America's First Amendment is an example for the world, in my opinion. It's really interesting to see how that works.
amendment made so many years ago centuries ago and still has such an important part to play in modern life overseas here in europe we usually don't have anything as strong as the first amendment in our constitutions and uh the result of it is uh is quite apparent every day so uh
I recommend you take care of it because when you lose it, it's quite horrifying. It's what's going on in Europe at the moment. It's a central part of what we do every day and it protects us and lets us, you know, do our work and not be challenged just because we have the freedom of speech to do so. So it's, yeah, it's my favorite amendment. It's important. Yes, I agree. Yes.
And on that note, do you have any questions for me? Anything that listening to my podcast made you curious about? I've listened, but I'm trying to think of anything because I asked you about that. I was always interested in how you researched just, you know, especially the cases in Russia and the cases, you know, where you just have such limited access, how you're able to produce an entire podcast on such limited information.
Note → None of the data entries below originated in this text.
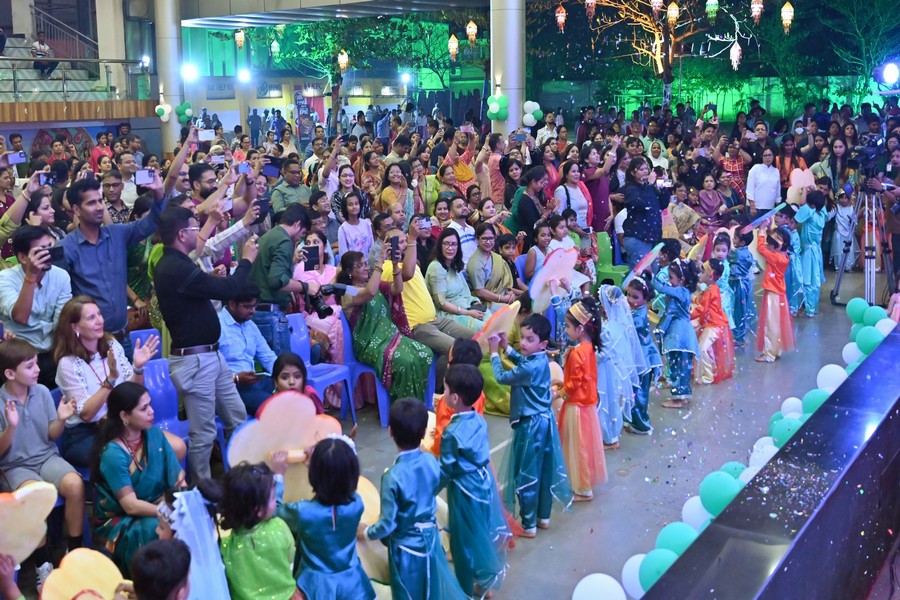 This year’s theme, Panchakosa, inspired by Vedic philosophy, beautifully connected their performances to the five layers of human existence—body, breath, mind, intellect, and bliss. The audience watched in awe as the children embodied these ideas through movements, music, and expression, showcasing their early steps toward self-awareness and creativity. Parents beamed with pride, witnessing their little ones take a confident leap into the world of learning and performance.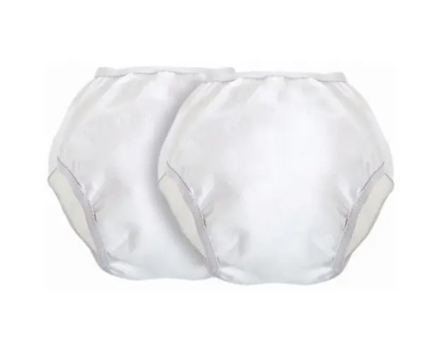 Chilotul de antrenament refolosibil este impermeabil si foarte confortabil.Are tei straturi material impermeabil(fara PVC),material absorbant(fibre), bumbac (tip prosop) la interior .Pot fi spalati la Produsul cu denumirea Set 2 chilotei antrenament toaleta (10-15 kg) Sevi Baby Alb face parte din brandul Sevibebe, se afla in categoria Igiena si ingrijire si subcategoria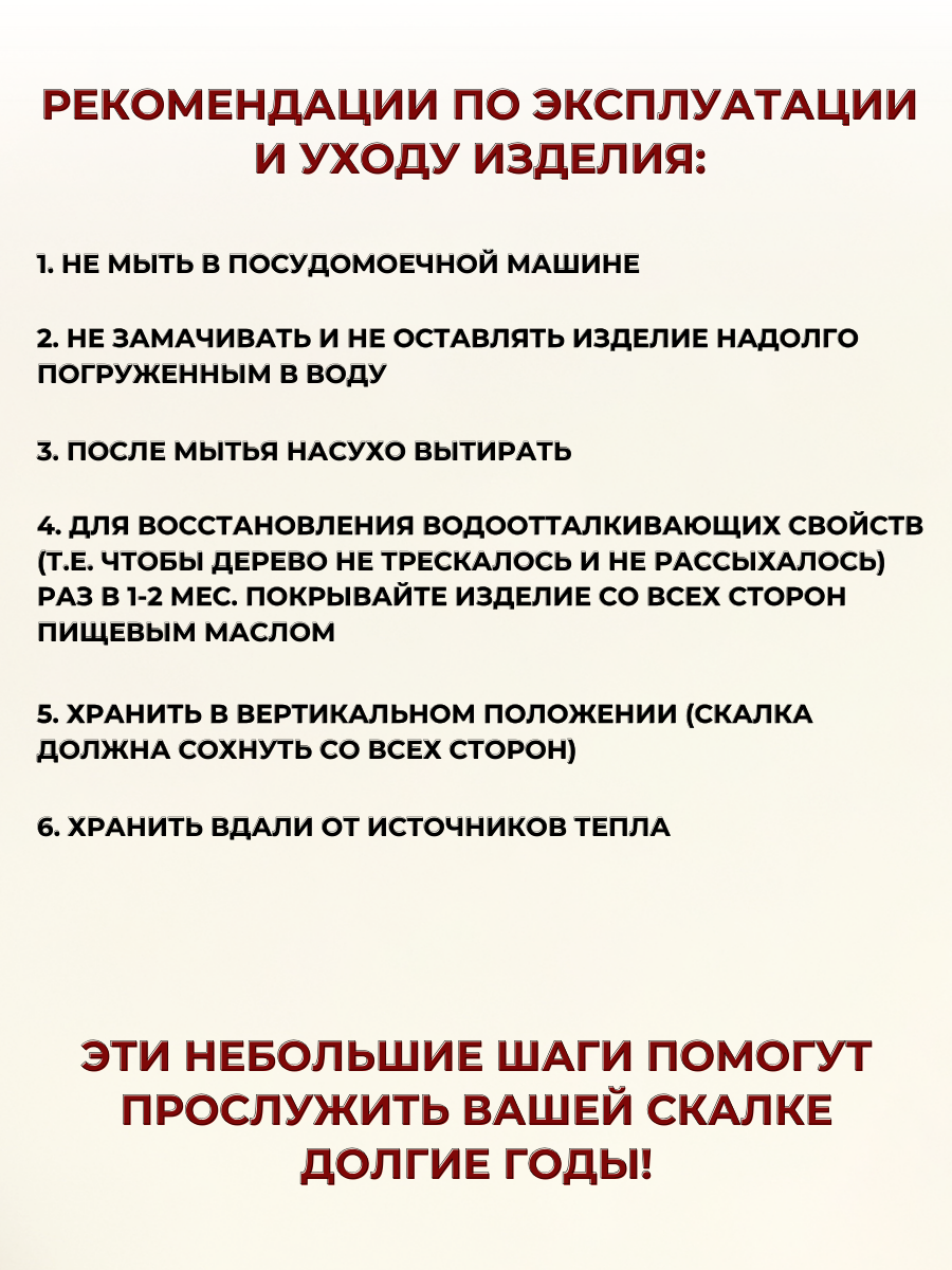 ВНИМАНИЕ!! Периодически обрабатывать любым растительным маслом. Не мыть в посудомоечной машине. После использования протирать сухой тряпочкой. Тестораскатка ручная прослужит Вам долгие годы при соблюдении прилагаемой инструкции по уходу.
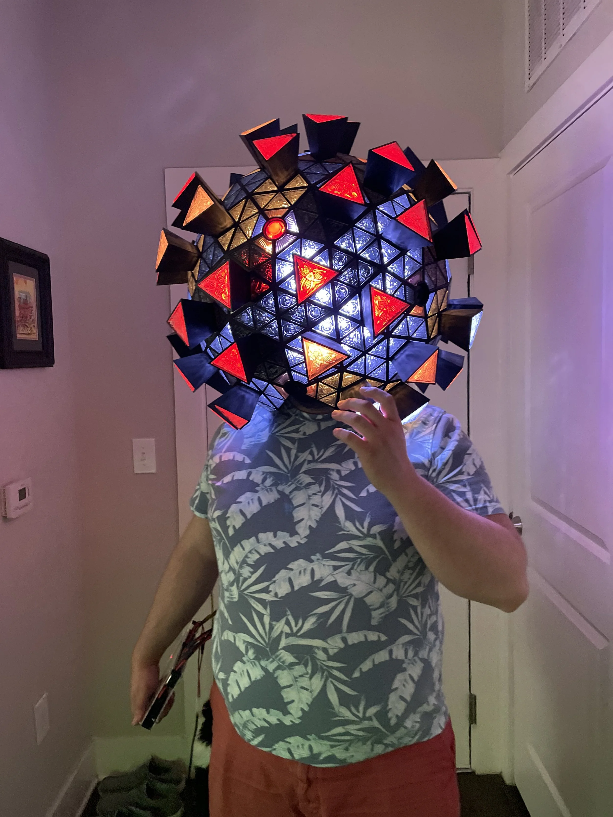 The Gift of Goodwill was first shown at Local Street ‘23 show at the Mint Museum in Uptown Charlotte in November of 2023. The spherical component is approximately 23 inches in diameter and was constructed from a 3D Printed black frame, covered with 720 clear resin crystals over custom designed PCBs with addressable RGB LEDs.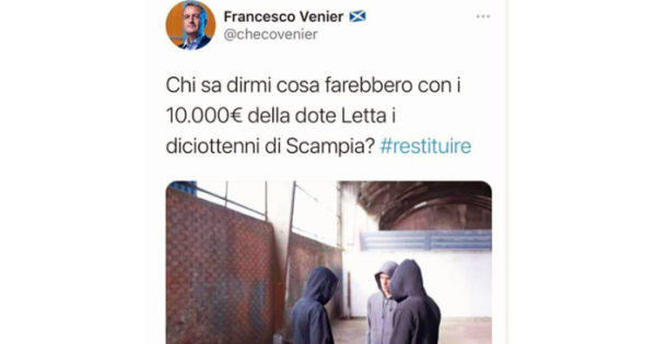 È polemica per un tweet del professor Francesco Venier, dell'Università di Trieste, che posta una foto di tre ragazzi incappucciati e scrive: «Chi sa dirmi cosa farebbero con i 10mila euro della dote Letta i diciottenni di Scampia?». Immediata la protesta sui social non solo di tanti napoletani, ma anche di politici e utenti del social. Altrettanto tempestiva la reazione dell'ateneo triestino che prende le distanze dalle «inopportune dichiarazioni» di Venier, «ricercatore dell' Ateneo, che ha parlato a titolo esclusivamente personale».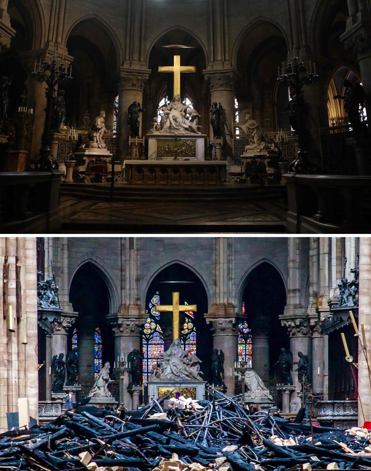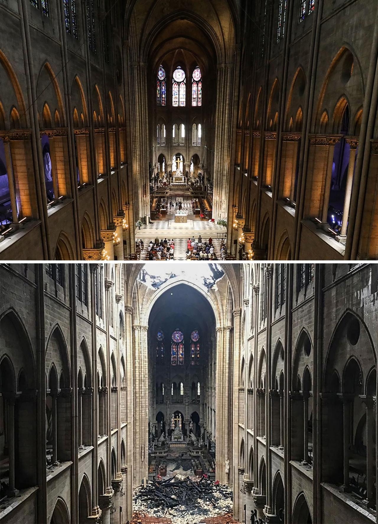 สำนักข่าวต่างประเทศ เผยภาพเปรียบเทียบภายในและนอก “มหาวิหารนอเทรอดาม” หลังไฟมอดดับ ต้องบูรณะครั้งใหญ่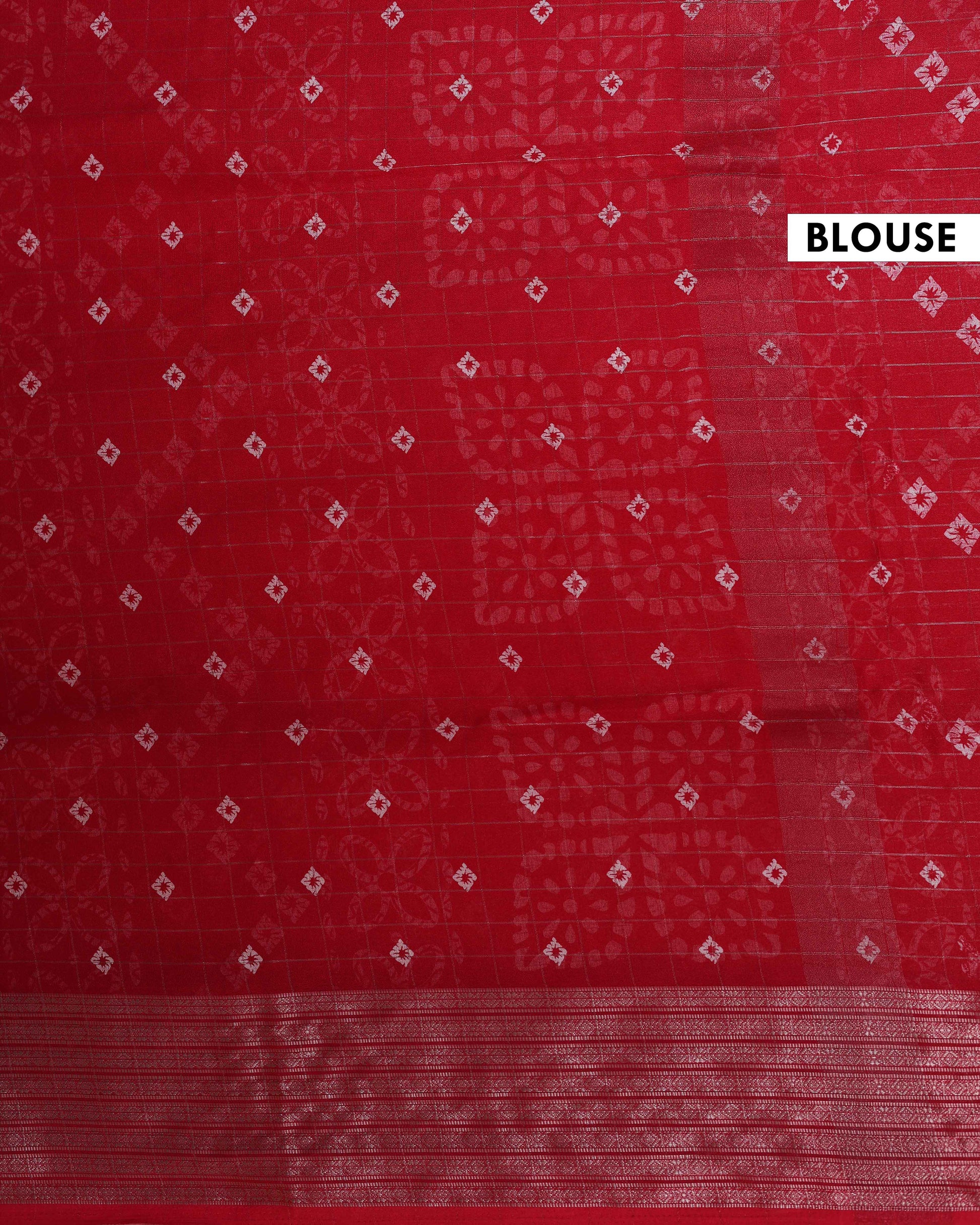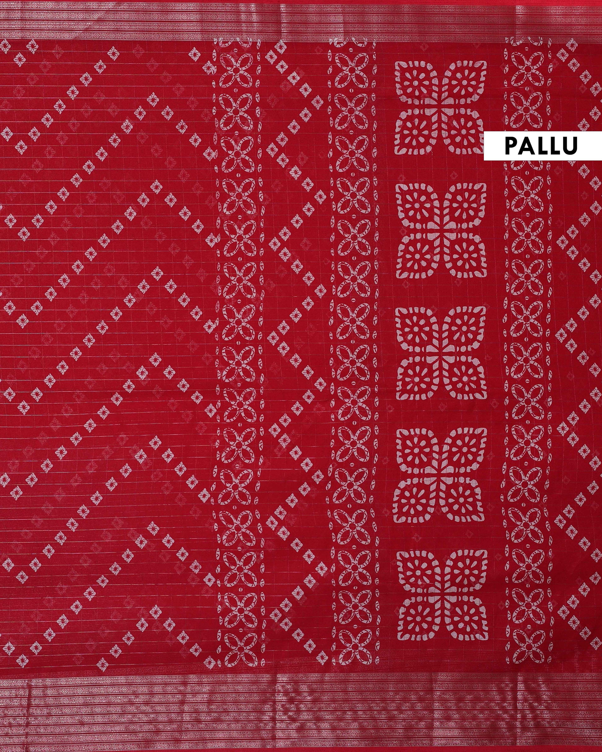 - Elevate your style with this stunning red Dola silk saree intricate white geometric and floral patterns

But I guess you also have the breadth of experience as far as, you know, relating them to other cases.
Well, short story, internet. The internet is amazing. I think we can all agree on that. Yes. Thank you so much for being on my show. I hope you have enjoyed it as well. So I look forward to listening to the new podcast, 22 Hours, An American Nightmare. Thank you so much for having us on TSK. We really appreciate it. Good night and good luck.